=== WHAT THIS TASK INVOLVES ===
Going down the listing below, print exactly each line from the one with "Подготовка конструкции: Кабель" up to and including the one with "驰享通途,连续两晚入住北京宝", and skip the rest.

=== DATA FOR THIS EXERCISE ===
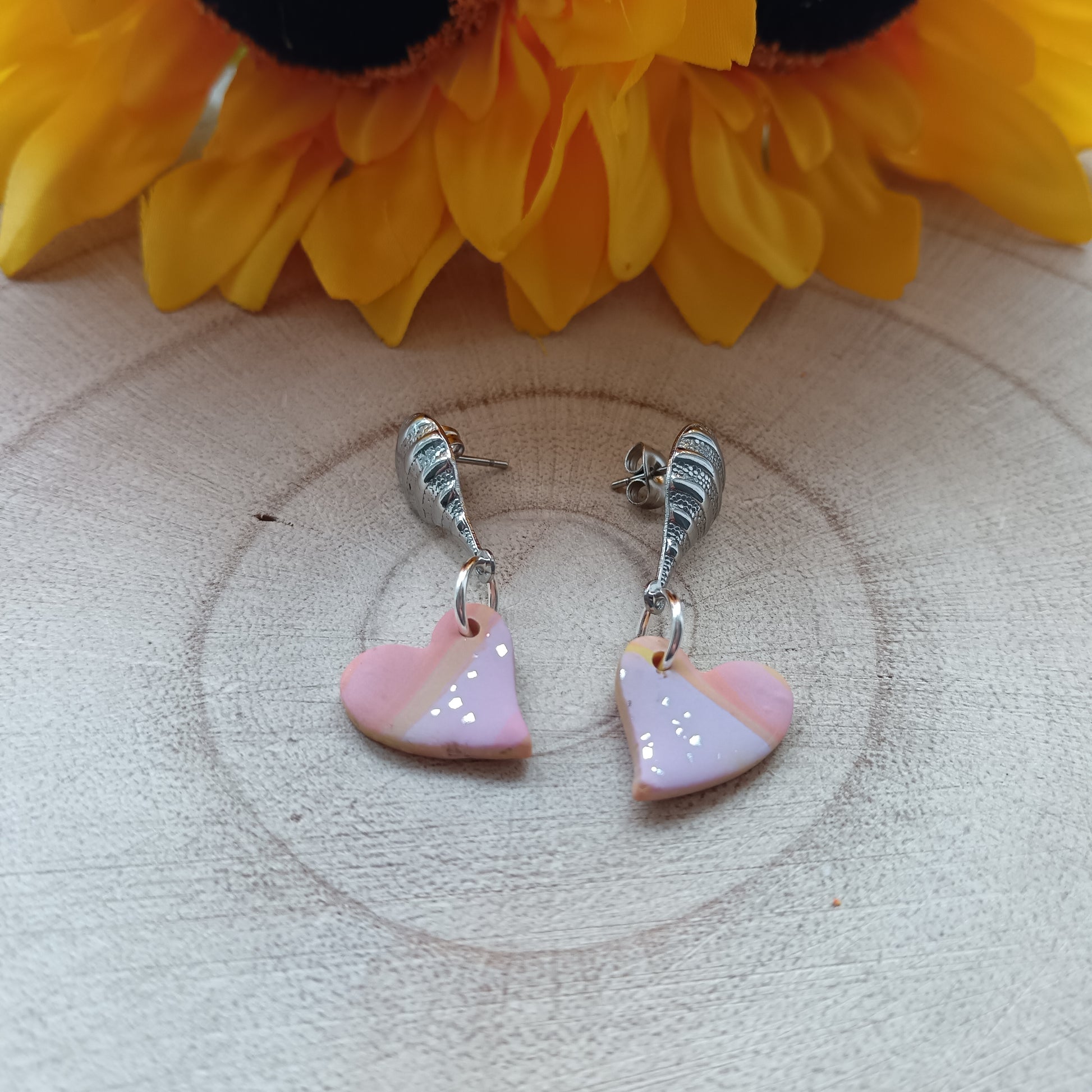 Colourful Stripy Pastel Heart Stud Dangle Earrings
* * *
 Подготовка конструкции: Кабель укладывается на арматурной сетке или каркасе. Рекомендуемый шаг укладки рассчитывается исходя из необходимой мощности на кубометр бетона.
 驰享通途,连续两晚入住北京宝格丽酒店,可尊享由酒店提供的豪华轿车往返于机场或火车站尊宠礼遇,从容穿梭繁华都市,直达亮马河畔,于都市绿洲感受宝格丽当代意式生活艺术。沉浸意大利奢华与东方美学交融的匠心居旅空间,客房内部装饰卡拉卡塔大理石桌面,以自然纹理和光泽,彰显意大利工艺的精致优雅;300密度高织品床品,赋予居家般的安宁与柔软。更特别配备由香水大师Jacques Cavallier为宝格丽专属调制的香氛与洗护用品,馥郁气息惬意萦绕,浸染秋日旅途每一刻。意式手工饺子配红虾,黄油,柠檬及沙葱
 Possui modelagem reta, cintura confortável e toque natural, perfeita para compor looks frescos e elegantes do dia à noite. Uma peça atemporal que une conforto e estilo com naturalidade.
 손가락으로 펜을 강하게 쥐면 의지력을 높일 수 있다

=== ANSWER TO THE PROBLEM ===
 Подготовка конструкции: Кабель укладывается на арматурной сетке или каркасе. Рекомендуемый шаг укладки рассчитывается исходя из необходимой мощности на кубометр бетона.
 驰享通途,连续两晚入住北京宝格丽酒店,可尊享由酒店提供的豪华轿车往返于机场或火车站尊宠礼遇,从容穿梭繁华都市,直达亮马河畔,于都市绿洲感受宝格丽当代意式生活艺术。沉浸意大利奢华与东方美学交融的匠心居旅空间,客房内部装饰卡拉卡塔大理石桌面,以自然纹理和光泽,彰显意大利工艺的精致优雅;300密度高织品床品,赋予居家般的安宁与柔软。更特别配备由香水大师Jacques Cavallier为宝格丽专属调制的香氛与洗护用品,馥郁气息惬意萦绕,浸染秋日旅途每一刻。意式手工饺子配红虾,黄油,柠檬及沙葱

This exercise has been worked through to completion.